Splitting Up Data Splitting

Introduction

Imagine you are a beginning data scientist. You are just starting out and don’t really know your way around the field yet. You then are asked to train a model based on a dataset given to you, and then test the model to see how it performs. However, you are only given one dataset to do all of this. How do you do it? Well, the answer is data splitting! In a talk by Cassie Kozyrkov, this is exactly what she talks about(the talk can be found here).

Summary of Video

Cassie starts out by showing us the power of having multiple datasets. With one dataset you can either validate an opinion or use it to form an opinion. With two datasets you can use one to form the opinion and use one to validate it. With three datasets, you can use one to form an opinion, one as intermediate testing, and once you have validated your opinion using the second dataset, you can use one last dataset to test it. This is really the standard you should aim for – 3 datasets(according to Cassie). Since we don’t have 3 datasets we can use data splitting to split our original dataset into 3 datasets as follows. We first split our original dataset into exploratory data and test data. Then we can further split the exploratory data into training data and validation data. To connect to before, the training data is the data we use to make our opinion. The validation data is the data we use to refine it, and we keep going back and forth between our training data and validation data until we are confident in our opinion. Finally, as one last test, we test our opinion on the final test data(the dataset we use to test our final opinion).
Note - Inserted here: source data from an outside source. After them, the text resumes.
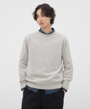 イタリア紡績のメリノウールを使用した、温かみのある風合いのニット。中肉厚の7ゲージが生むほどよい暖かさと、メリノならではのしなやかなタッチを備えた素材感。
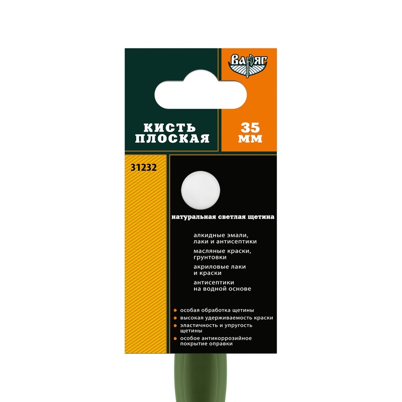 Кисть плоская ВАРЯГ 31232 светлая щетина 35 мм
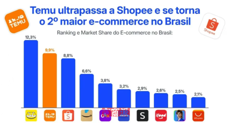 以拼多多Temu為例,Conversion的數(shù)據(jù)就顯示,今年4月份,Temu巴西網(wǎng)站點擊量單月新增5600萬次,環(huán)比3月份大幅增長25.8%,這已經(jīng)是該平臺連續(xù)第12個月實現(xiàn)的高速增長。憑借這一成績,Temu也成功反超Shopee,以9.9%的流量份額躍升成為當月巴西第二大電商平臺。
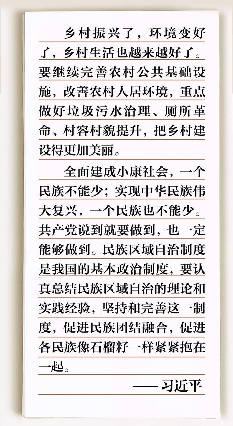 習(xí)近平總書(shū)記指出:“各族人民親如一家,是中華民族偉大復(fù)興必定要實(shí)現(xiàn)的根本保證?!瘪R鞍山村脫貧攻堅(jiān)動(dòng)力不竭,村民生活蒸蒸日上,既源于黨和政府的好政策,更是因?yàn)楦髯迦罕娡耐?、同心同向。這也啟示我們:56個(gè)民族攜手同行,像石榴籽一樣緊緊抱在一起,鑄牢中華民族共同體意識(shí),就能形成勇往直前、無(wú)堅(jiān)不摧的強(qiáng)大力量。
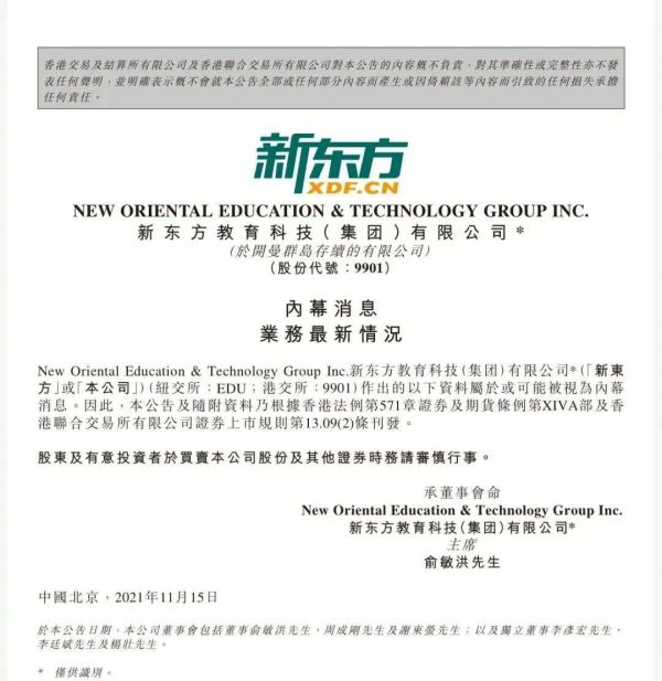 11月15日, 新东方(09901.HK)发布公告称,计划于2021年底前停止全国所有学习中心的K-9学科辅导服务。
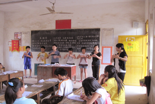 7月21日讯 继2010年太阳城集团清远大湾服务队三下乡顺利开幕,各公司分队的教学亦如期展开。三个公司之一的中心小学第一天就面临新的挑战:员工人数暴涨,三年级临时由计划中的一个班临时拆分成两个班和教材缺乏,11位分队队员加班加点安排分班,重新分配教学任务并调整课程表。终于,中心小学迎来了非比寻常的第一天。

Cassie emphasizes how this is extremely useful because now you have the ability to formulate an opinion based on data, see if it is even worth pursuing with the validation data, and then finally test it to see its actual accuracy using the test data. This is the power of data splitting. Below is a really good visualization of how this all works:

An overview of the data splitting process — The data splitting process.
Credit: Video that post is based on(link found here). Timestamp in the video: 3:38

My Take

Overall, I liked the video. It was extremely informative. It also showed me the exact nature of data splitting – i.e. what parts get split into what and what each split part is used for. I also really liked the visuals presented in the video – they really aided in my understanding of the content. I also understand now how important data splitting can be and how helpful it can be. You can now basically have multiple datasets with one and have each one serves a purpose. This will cause your opinions on the dataset to be better and more accurate driving better insights. I can really attest to this as I have seen it help make ML models better and drive better insights. The information was also given in a very clear and concise way, while still not sacrificing content. This is extremely helpful because it shows that these concepts – at their core – are relatively simple, which really boosts your confidence.

Conclusion

All in all, this talk was a good one. It was extremely informative, while still being concise. It really helped me understand this concept in a more visual way. I highly recommend you watch it when you get the chance(the link to the talk can be found here).